Presented with that way out, Escobar told reporters that the message was "just a joke" and that "maricon" is a meaningless word that's often used among Latin players. You can indeed hear the word in many major-league clubhouses without waiting long, though to write it off as a word without meaning isn't accurate. At best, it's an insult that has become so common that its derogatory nature isn't readily apparent to those who use it. ("Gay" and "retarded" are similar examples that you sometimes hear from players who predominantly speak English.)
Escobar was backed during his apology by Toronto GM Alex Anthopolous and manager John Farrell at the press conference. Both men attributed the situation to a cultural difference and Escobar's lack of understanding that what he did would be construed as offensive. The native Cuban will undergo sensitivity training and his lost salary will be donated to You Can Play and the Gay and Lesbian Alliance Against Defamation.
"I agree with the suspension. I don't have any problem with that," said an 'embarrassed' Escobar. "I'm sorry for my actions the other day. I don't have anything against homosexuals. I have friends who are gay."
Escobar also probably doesn't understand that "I have friends who are gay" isn't a defense that really works anymore. But like Anthopolous said, education is key in making sure Latin players know that gay slurs — intentional or not — don't fly on the field in a Major League Baseball game.
Here's what Bud Selig had to say in a statement about the situation:
"I consistently say that Baseball is a social institution with important social responsibilities and that I expect those who represent Major League Baseball to act with the kind of respect and sensitivity that the game's diverse fan base deserves.

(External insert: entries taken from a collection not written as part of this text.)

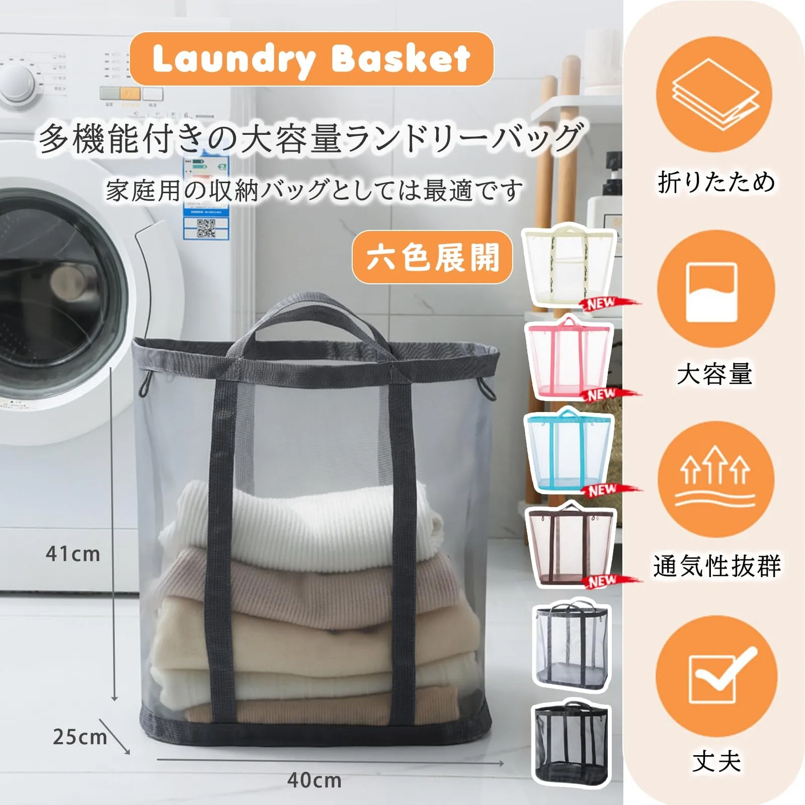 【幅広く活躍する収納バッグ】このメッシュ洗濯かごは、衣類、寝具、ベビーアイテム、スポーツ用品、おもちゃなどを収納できます。家庭用の収納バッグとしては最適です。浴室、寝室、ジム、旅行、温泉、自動車、海辺など様々なシーンに活躍します。また、エコバッグ、プールバッグとしてもご使用いただけます。
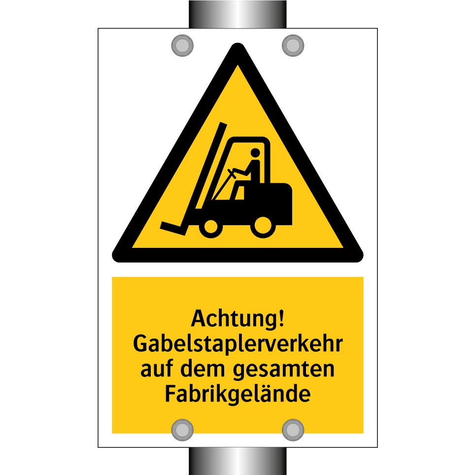 Warnschild mit dem Text Achtung! Gabelstaplerverkehr auf dem gesamten Fabrikgelände
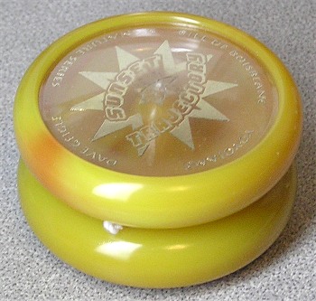The Sunset Trajectory is a signature model of both Dave Geigle and Bill De Boisblanc. Both collaborated in the design, and it became the standard looper in the YoYoJam lineup. Take apart design, bearing axle, and double Yo-Ring response.
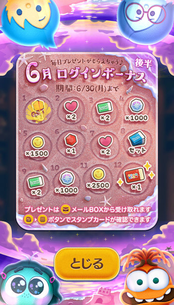 LINEディズニー ツムツム(Tsum Tsum)にて、2025年6月16日より「ログインボーナス後半」が始まりました。
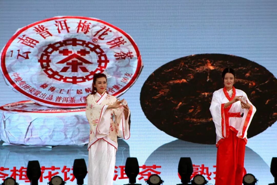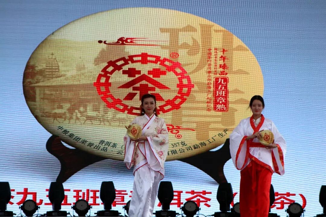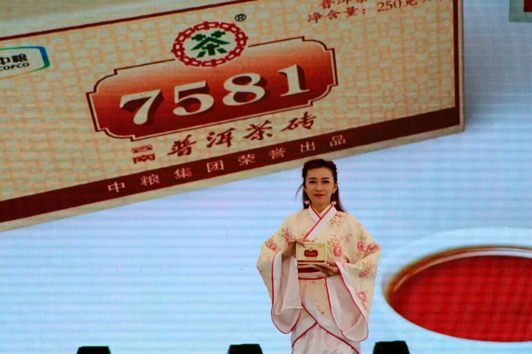 模特向賓客們展示中茶普洱經(jīng)典產(chǎn)品,通過產(chǎn)品展示中茶普洱的歷史
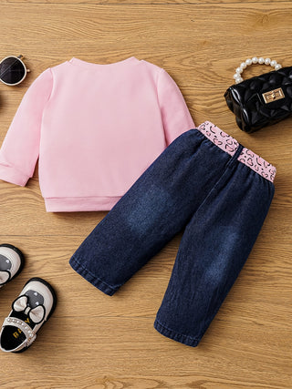 بات بات 2 قطعة سويت شيرت بناتي كاجوال مطبوع برقبة دائرية وأكمام طويلة وبنطلون جينز ممزق بحزام/بنطلون دينم للربيع والخريف/الخريف
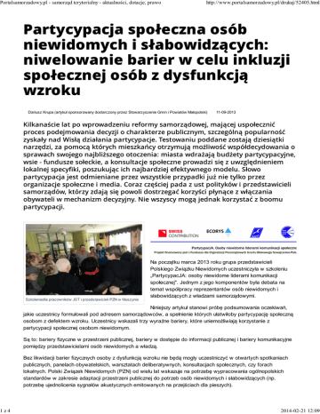 Portalsamorzadowy.pl - samorząd terytorialny - aktualności, dotacje, prawo 1z4 http://www.portalsamorzadowy.pl/drukuj/52405.html Partycypacja społeczna osób niewidomych i słabowidzących: niwelowanie barier w celu inkluzji społecznej osób z dysfunkcją wzroku Dariusz Krupa (artykuł sponsorowany dostarczony przez Stowarzyszenie Gmin i Powiatów Małopolski) 11-09-2013 Kilkanaście lat po wprowadzeniu reformy samorządowej, mającej uspołecznić proces podejmowania decyzji o charakterze publicznym, szczególną popularność zyskały nad Wisłą działania partycypacje. Testowaniu poddane zostają dziesiątki narzędzi, za pomocą których mieszkańcy otrzymują możliwość współdecydowania o sprawach swojego najbliższego otoczenia: miasta wdrażają budżety partycypacyjne, wsie - fundusze sołeckie, a konsultacje społeczne prowadzi się z uwzględnieniem lokalnej specyfiki, poszukując ich najbardziej efektywnego modelu. Słowo partycypacja jest odmieniane przez wszystkie przypadki już nie tylko przez organizacje społeczne i media. Coraz częściej pada z ust polityków i przedstawicieli samorządów, którzy zdają się powoli dostrzegać korzyści płynące z włączania obywateli w mechanizm decyzyjny. Nie wszyscy mogą jednak korzystać z boomu partycypacji. Szkoleniedla pracowników JST i przedstawicieli PZN w Muszynie Na początku marca 2013 roku grupa przedstawicieli Polskiego Związku Niewidomych uczestniczyła w szkoleniu „PartycypacJA: osoby niewidome liderami komunikacji społecznej". Jednym z jego komponentów była debata na temat współpracy reprezentantów osób niewidomych i słabowidzących z władzami samorządowymi. Niniejszy artykuł stanowi próbę podsumowania oczekiwań, jakie uczestnicy formułowali pod adresem samorządowców, a spełnienie których ułatwiłoby partycypację społeczną osobom z defektem wzroku. Uczestnicy wskazali trzy wyraźne bariery, które uniemożliwiają korzystanie z partycypacji społecznej osobom niewidomym. Są to: bariery fizyczne w przestrzeni publicznej, bariery w dostępie do informacji publicznej i bariery komunikacyjne pomiędzy przedstawicielami osób niewidomych a władzą. Bez likwidacji barier fizycznych osoby z dysfunkcją wzroku nie będą mogły uczestniczyć w otwartych spotkaniach publicznych, panelach obywatelskich, warsztatach deliberatywnych, konsultacjach społecznych, czy forach lokalnych. Polski Związek Niewidomych (PZN) od wielu lat wskazuje na potrzebę wypracowania ogólnopolskich standardów w zakresie adaptacji przestrzeni publicznej do potrzeb osób niewidomych i słabowidzących (np. potrzebę ujednolicenia sygnałów akustycznych emitowanych na przejściach dla pieszych). 2014-02-21 12:09 Portalsamorzadowy.pl - samorząd terytorialny - aktualności, dotacje, prawo 2z4 http://www.portalsamorzadowy.pl/drukuj/52405.html Standardy te powinny być oparte na zasadzie „pomagać (nam), nie przeszkadzać (innym)", co znaczy, że udogodnienia wprowadzane z myślą o osobach niewidomych nie powinny stwarzać problemów dla pozostałych użytkowników przestrzeni miejskiej (jakimi są na przykład zbyt głośno emitowane sygnały akustyczne). Dziś często zapomina się o tej zasadzie, czego emanacją jest obniżanie krawężników przy przejściach dla pieszych do poziomu jezdni. To duże udogodnienie dla osób poruszających się na wózkach inwalidzkich, ale równocześnie śmiertelne niebezpieczeństwo dla osób niewidomych. Z tego też powodu PZN w swoich rekomendacjach uwzględnia potrzeby nie tylko osób z dysfunkcją wzroku, ale także innych użytkowników przestrzeni miejskiej (np. osób starszych). Wiele szczegółowych rozwiązań, których celem jest dostosowanie przestrzeni fizycznej do potrzeb osób niepełnosprawnych, wprowadziło już polskie prawodawstwo. Praktyka wskazuje jednak, że na poziomie samorządowym, nie zawsze jest ono odpowiednio wykonywane. Pewne zmiany może przynieść implementowanie do polskiego porządku prawnego konwencji ONZ o prawach osób niepełnosprawnych. Konwencja ta, ratyfikowana przez Prezydenta Rzeczypospolitej Polskiej w 2012 roku, reguluje kwestie związane z dostępem osób niewidomych do środowiska fizycznego. Zobowiązuje ona do eliminacji przeszkód i barier w zakresie dostępności budynków, dróg transportu oraz innych urządzeń wewnętrznych i zewnętrznych, w tym szkół, mieszkań, instytucji zapewniających opiekę medyczną i miejsc pracy: Aby umożliwić osobom niepełnosprawnym niezależne życie i pełny udział we wszystkich sferach życia, Państwa Strony podejmą odpowiednie środki w celu zapewnienia im, na zasadzie równości z innymi osobami, dostępu do środowiska fizycznego, środków transportu, informacji i komunikacji, w tym technologii i systemów informacyjnokomunikacyjnych, a także do innych urządzeń i usług, powszechnie dostępnych lub powszechnie zapewnianych, zarówno na obszarach miejskich, jak i wiejskich. Artykuł 9 - Dostępność, punkt 1 W dalszej części artykułu 9 Konwencji czytamy: Państwa Strony podejmą również odpowiednie środki w celu: (a) opracowywania, ogłaszania i monitorowania wdrażania minimalnych standardów i wytycznych w sprawie dostępności urządzeń i usług ogólnie dostępnych lub powszechnie zapewnianych, (...) (c) zapewnienia wszystkim zainteresowanym osobom szkolenia na temat kwestii dostępności dla osób niepełnosprawnych, (...) (e) zapewnienia różnych form pomocy i pośrednictwa ze strony innych osób lub zwierząt, w tym przewodników, lektorów (...), w celu ułatwienia dostępu do ogólnodostępnych budynków i innych obiektów publicznych, (f) popierania innych odpowiednich form pomocy i wsparcia osób niepełnosprawnych, aby zapewnić im dostęp do informacji (...). Skutkiem wdrożenia omawianej konwencji może być profesjonalna, przeszkolona w zakresie obsługi osób niewidomych, kadra urzędnicza. Albo nowe pokolenia architektów, które - w toku obowiązko
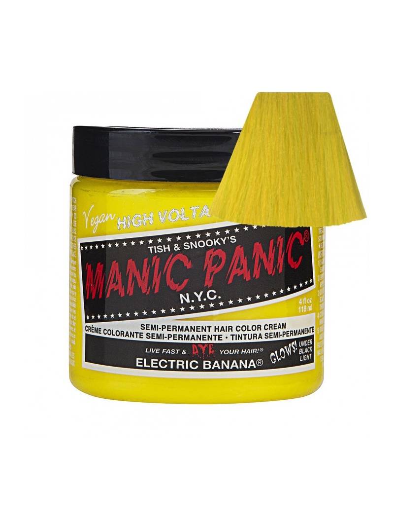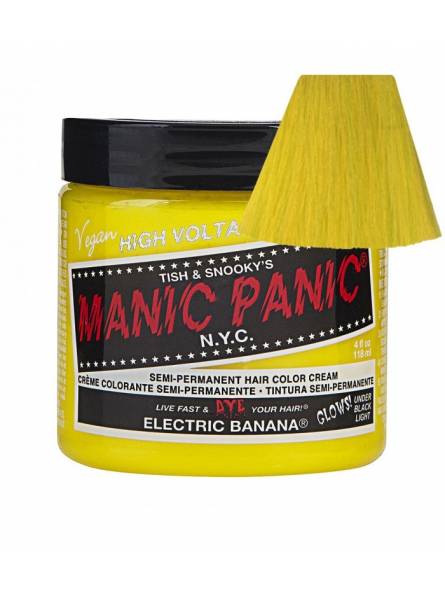 Tinte fantasía semipermanente para el pelo Manic Panic High Voltage CLASSIC, color amarillo fluorescente ELECTRIC BANANA, formulado a base de pigmentos naturales veganos de alta calidad, sin amoniaco y libre de parabenos, gluten y de PPD. Aplicación directa sin peróxido sobre cabello seco. Contiene 118 ml. Tinte fantasía con efecto neón: brilla bajo las luces negras o ultravioletas. Destaca por su acabado perfecto, ya que al mismo tiempo que colorea con gran viveza e intensidad, funciona de acondicionador, nutriendo y reparando tu cabello e intensificando su brillo natural. Puedes mezclarlo con otros tintes Manic Panic (Classic o Amplified) para crear nuevos y originales colores personalizados o con el Mixer/Pastel-izer para aclarlo o conseguir tonos pasteles.

Mr. Escobar has admitted that his actions were a mistake and I am hopeful he can use this unfortunate situation as an opportunity to educate himself and others that intolerance has no place in our game or society."
As a positive aside, it would seem that Selig and Major League Baseball have made some strides in their stance against homophobia since then-White Sox manager Ozzie Guillen was only fined and sent to sensitivity classes after he went on a vitriolic rant against Jay Mariotti in 2006, calling the controversial writer a "[bleeping] fag." Three games isn't a lot of time, but Escobar will be forced to think about what he's done while a strong message is sent to the league's other players: Homophobic messages aren't acceptable on or around the diamond.